Seven in 10 (70 percent) IT professionals are under increasing pressure to deliver and support an all-wireless workplace from their top executives and employees from the mobile generation who are demanding greater flexibility and better collaboration, according to a global survey from Aruba Networks.
Just more than half (51 percent) of global organizations saw a rise in mobile or remote working last year and 77 percent noted an increase in employees of the mobile generation using mobile devices for work during the past year.
The results suggest the debate about how to support bring-your-own-device (BYOD) policies is becoming a thing of the past as 58.7 percent of IT professionals said their company has already fully embraced employee BYOD or implemented new policies to support it.
“New technologies and new ways of doing business are irreversibly transforming the way we design offices as well as the way we fundamentally think of work spaces,” Chris Sanderson, The Future Laboratory co-founder, said in a statement. “Cloud-based technologies and the increased use of mobile devices as our work tools of choice are ushering in a new social, cultural and corporate paradigm where workplaces are more federated and collaborative, less hierarchical and increasingly less location-specific, as more of generation mobile employees clock in by logging on.”
To support top executives and the mobility demands of the current generation, 71.1 percent of IT departments increased their investment in WiFi, while another 46 percent were granted increased budgets for future mobility projects.
In addition to a significant competitive advantage, business leaders now recognize that the benefits of this approach include employee retention, productivity and cost savings, the report concluded.
However, the results highlight that today just 14 percent of employees enjoy the flexibility and freedom of such a workplace, suggesting that global businesses still have a lot of work to do.

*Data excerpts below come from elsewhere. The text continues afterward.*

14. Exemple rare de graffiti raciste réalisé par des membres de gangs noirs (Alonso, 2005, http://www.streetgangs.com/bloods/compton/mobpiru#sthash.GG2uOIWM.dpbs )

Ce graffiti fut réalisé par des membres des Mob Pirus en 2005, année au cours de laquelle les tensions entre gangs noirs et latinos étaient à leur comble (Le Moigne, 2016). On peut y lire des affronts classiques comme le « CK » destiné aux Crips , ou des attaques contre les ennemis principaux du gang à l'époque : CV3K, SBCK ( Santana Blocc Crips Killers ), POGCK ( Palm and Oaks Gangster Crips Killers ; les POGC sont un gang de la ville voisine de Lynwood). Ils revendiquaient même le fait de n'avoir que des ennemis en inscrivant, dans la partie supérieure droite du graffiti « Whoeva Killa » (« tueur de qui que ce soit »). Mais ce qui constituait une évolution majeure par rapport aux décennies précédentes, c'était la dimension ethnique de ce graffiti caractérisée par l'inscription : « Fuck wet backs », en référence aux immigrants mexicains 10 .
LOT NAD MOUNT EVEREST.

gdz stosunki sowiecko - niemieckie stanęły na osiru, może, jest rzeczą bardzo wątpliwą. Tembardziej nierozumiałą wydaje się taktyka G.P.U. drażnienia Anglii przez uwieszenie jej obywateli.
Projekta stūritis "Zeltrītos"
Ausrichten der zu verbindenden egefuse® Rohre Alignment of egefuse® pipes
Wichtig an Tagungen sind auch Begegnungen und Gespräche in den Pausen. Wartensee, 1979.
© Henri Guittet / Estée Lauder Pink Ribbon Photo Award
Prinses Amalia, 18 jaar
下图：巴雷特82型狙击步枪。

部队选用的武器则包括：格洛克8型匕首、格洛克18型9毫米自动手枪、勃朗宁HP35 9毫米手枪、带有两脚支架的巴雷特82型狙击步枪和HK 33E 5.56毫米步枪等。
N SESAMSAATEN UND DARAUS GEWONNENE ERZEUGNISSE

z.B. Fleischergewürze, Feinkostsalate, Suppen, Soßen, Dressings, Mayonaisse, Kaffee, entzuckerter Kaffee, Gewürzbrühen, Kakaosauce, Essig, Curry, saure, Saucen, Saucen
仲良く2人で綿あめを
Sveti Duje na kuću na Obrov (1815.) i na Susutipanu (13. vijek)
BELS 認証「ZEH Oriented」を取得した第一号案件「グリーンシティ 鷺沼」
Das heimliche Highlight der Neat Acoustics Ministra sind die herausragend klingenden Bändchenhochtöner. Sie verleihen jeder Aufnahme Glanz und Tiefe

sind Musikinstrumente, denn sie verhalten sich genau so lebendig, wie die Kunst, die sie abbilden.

“Technology should be an enabler for our staff. Across our council, employees are now actively choosing a ‘mobile-first’ working model, because it makes them more efficient,” Aruba customer Russell Hookway, a network and telecommunications manager at the Royal Borough of Kensington and Chelsea, said in a statement. Creating an environment that supports this model makes good business sense. “Our new message to workers is work where you want, when you want and how you want. No questions asked.”

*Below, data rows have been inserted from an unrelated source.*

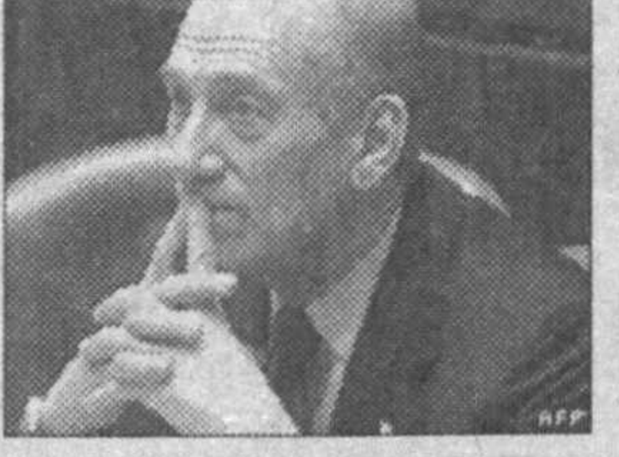
Уларнинг фикрича, Бушнинг Ироққа нисбатан олиб бораётган сиёсати мамлакат

АҚШ Конгрессининг кўзга кўринган уч нафар сенатори Ироққа яна қўшимча 20 минг нафар ҳарбийнинг жўнатилишига қарши резолюция қабул қилинганини эълон қилди.
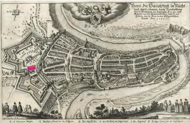
Hier entstand 1741 das Burgerspital.

Weibervolk», «arbeits scheue Männer» und «widerspenstige Jugendliche» einquartiert wurden – ein Begegnungsort der Generationen, wenn auch in einem ganz anderen Sinn als heute.
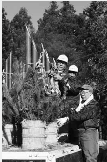
門松を制作する清流の会会員
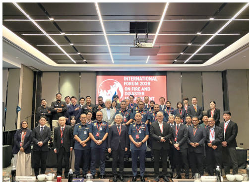
マレーシアフォーラム参加者との記念撮影
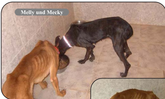
Melly und Mecky

Ein alter Spanier klingelte am Hoftor. Ich erkannte ihn sofort wieder, er hatte vor ca. einem Jahr bei mir die beiden Jagdhunde Muck und Mucki abgegeben. Nun stand er wieder mit zwei Tieren am Tor. Sie waren sehr abgemagert und der Spanier meinte, er könne auch diese Hunde nicht behalten, sie würden nicht zur Hasenjagd taugen. Aber er wolle die zwei, Mecky und Melly, nicht töten, er würde sie uns schenken. Natürlich nahmen wir sie auf. Wenn nicht, wäre das ihr Todesurteil gewesen. Ausgehungert stürzten sie sich auf das Futter.
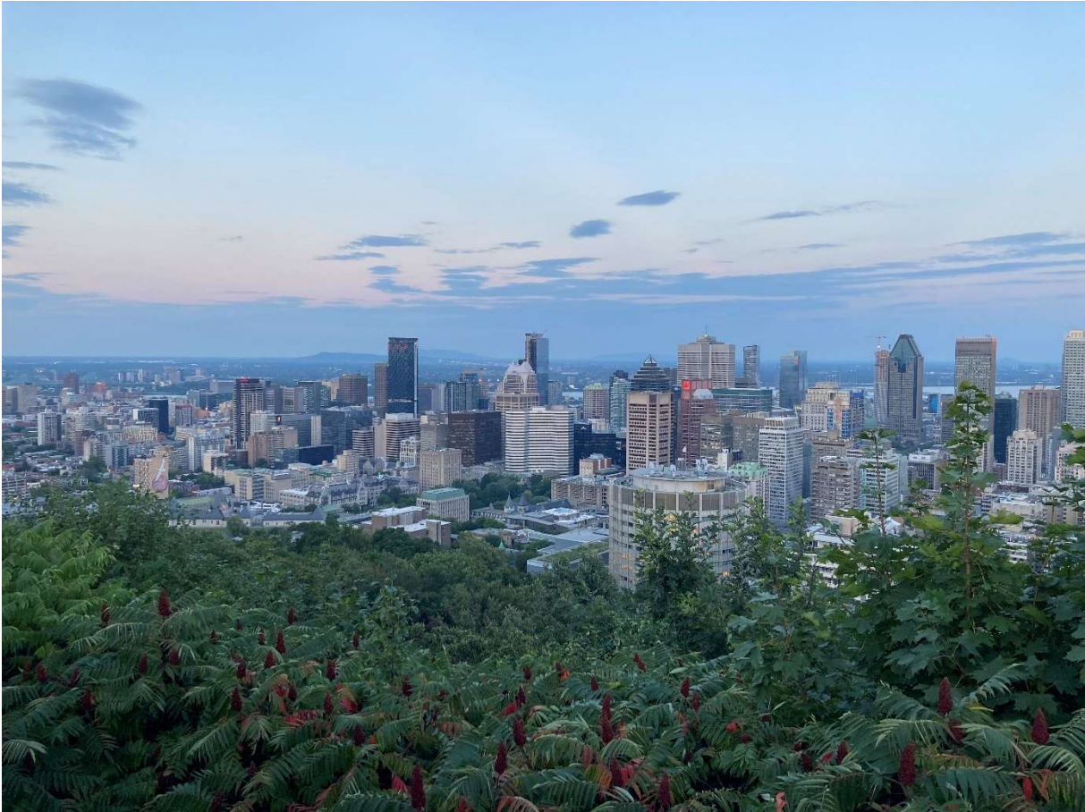
Blick auf Montréal vom Mont Royal.

The survey revealed 55.5 percent of companies globally actually encourage or have no policy banning the use of personal devices at work, and only 12.4 percent discourage the use of personal devices for work.
When IT professionals were asked about security concerns as they relate to mobility, 73.5 percent assessed mobility security requirements based on the devices’ security features or the employees’ mobile work requirements.
Just 13.3 percent responded that security concerns have stopped them from allowing mobile work capabilities for employees of the mobile generation.